◆ Task instructions
Although the records contain pictures, the copy must not; reproduce everything else in them exactly.

START Records provided

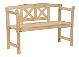 Strong and solid execution made of solid wood.Solid spruce wood, nature, polished.Width 125 Height 75 Depth 40 cm; Seat Height 45 cm.Incl. mounting material.Delivery incl. assembly instructions. Wooden Garden Bench with a crossed rest, natureWidth 125 Height 75 Depth 40 cm; Seat Height 45 cmSolid spruce wood, nature, polishedStrong and solid execution made of solid woodComfort: slightly inclined backrestincl. mounting materialDelivery incl.
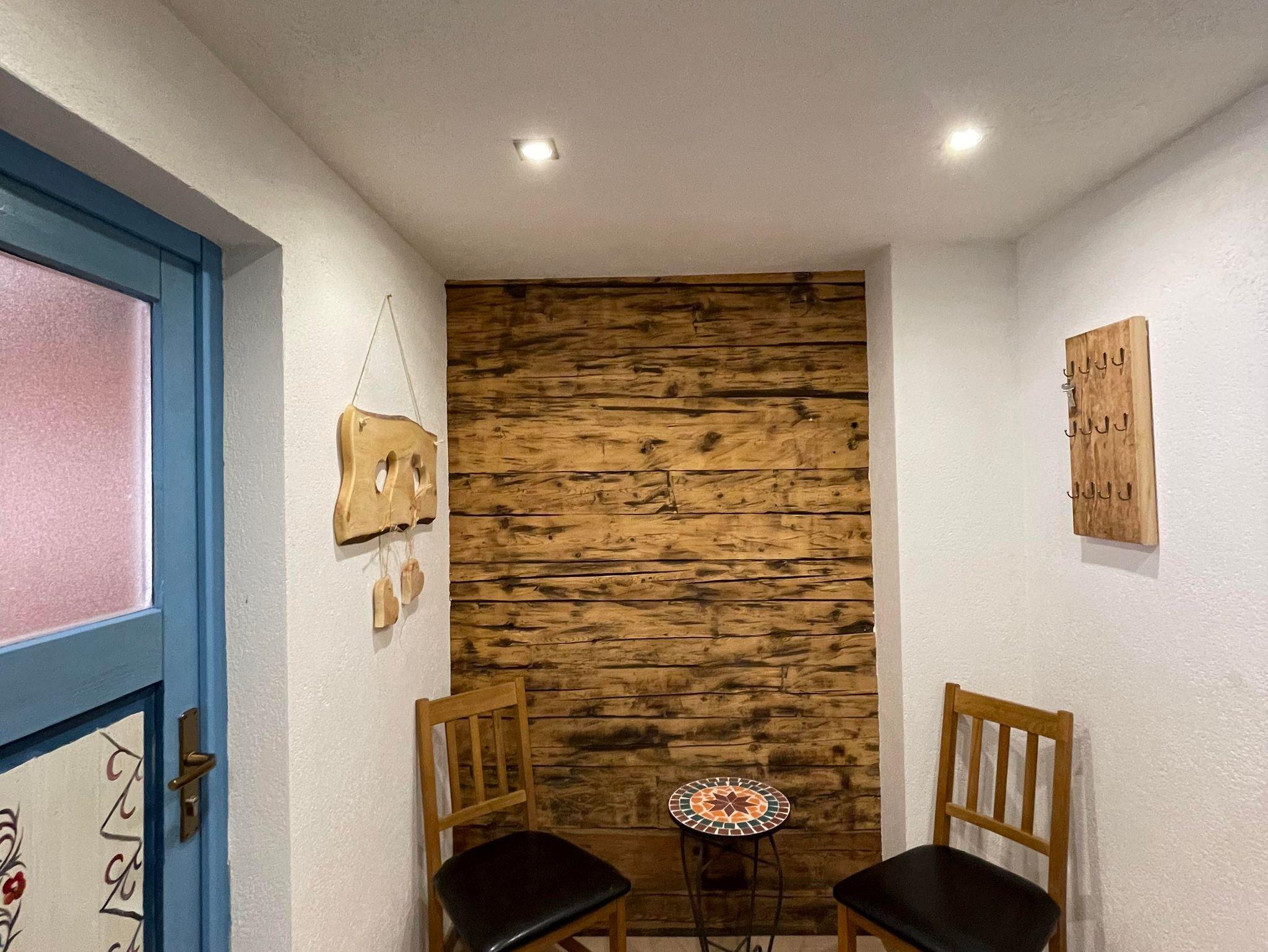 Ein gemütliches Zimmer im Erdgeschoss welches über eine alte Holzdecke verfügt.
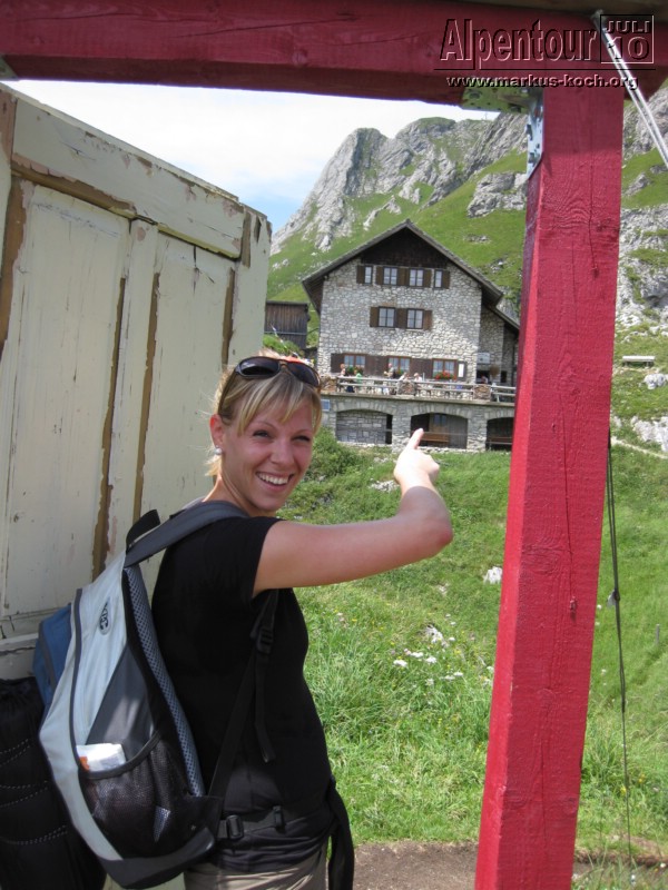 Nach dem Frühstück wartet nun der Aggenstein (1.986 m) auf uns. Das Auto stellten wir sicher an der Breitenberg-Bahn ab. Rucksack auf, Wanderschuhe geschnürt und aufi geht’s! Über die Reichenbach-Klamm und dem Bösen Tritt ging es in 3 Stunden auf die Bad Kissinger Hütte. Diese liegt unterhalb des Gipfels auf 1.792 m. Dort angekommen bezogen wir unser Nachtquartier. Ein kleines Zweibettzimmer mit Blick auf die Tannheimer Berge. Nach einer kleinen Stärkung stürmten wir den Gipfel des Aggensteins.
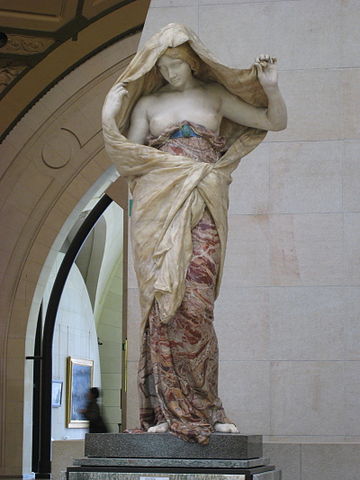 その理想の前で、本来であれば、女性はためらうことなく、ヴェールを持ち上げ(se dévoiler)、素顔を見せる。古代の女神の像のように。
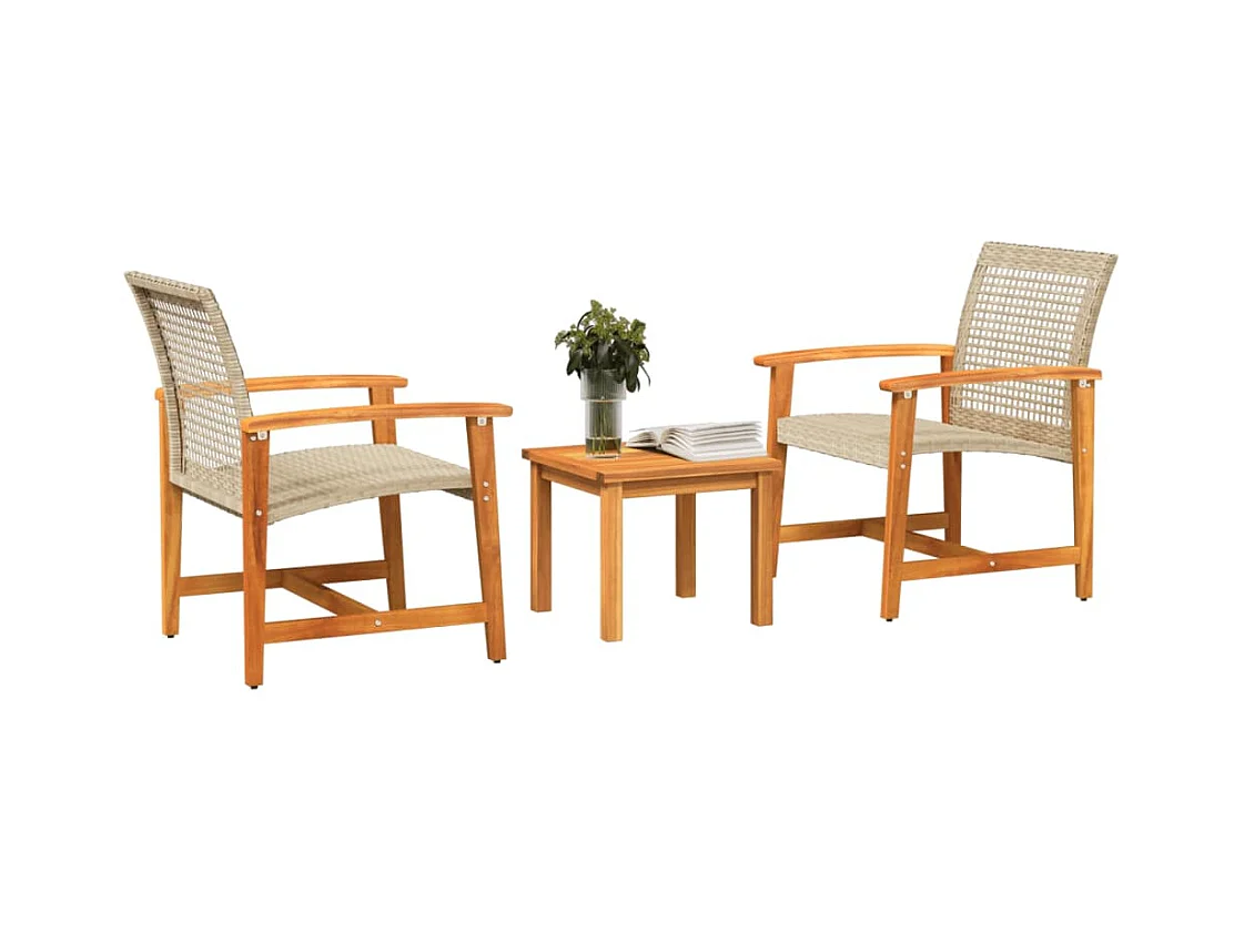 Ensemble de bistro 3 pcs beige résine tressée et bois d'acacia

END Records provided

◆ Solution for this problem
 Strong and solid execution made of solid wood.Solid spruce wood, nature, polished.Width 125 Height 75 Depth 40 cm; Seat Height 45 cm.Incl. mounting material.Delivery incl. assembly instructions. Wooden Garden Bench with a crossed rest, natureWidth 125 Height 75 Depth 40 cm; Seat Height 45 cmSolid spruce wood, nature, polishedStrong and solid execution made of solid woodComfort: slightly inclined backrestincl. mounting materialDelivery incl.
 Ein gemütliches Zimmer im Erdgeschoss welches über eine alte Holzdecke verfügt.
 Nach dem Frühstück wartet nun der Aggenstein (1.986 m) auf uns. Das Auto stellten wir sicher an der Breitenberg-Bahn ab. Rucksack auf, Wanderschuhe geschnürt und aufi geht’s! Über die Reichenbach-Klamm und dem Bösen Tritt ging es in 3 Stunden auf die Bad Kissinger Hütte. Diese liegt unterhalb des Gipfels auf 1.792 m. Dort angekommen bezogen wir unser Nachtquartier. Ein kleines Zweibettzimmer mit Blick auf die Tannheimer Berge. Nach einer kleinen Stärkung stürmten wir den Gipfel des Aggensteins.
 その理想の前で、本来であれば、女性はためらうことなく、ヴェールを持ち上げ(se dévoiler)、素顔を見せる。古代の女神の像のように。
 Ensemble de bistro 3 pcs beige résine tressée et bois d'acacia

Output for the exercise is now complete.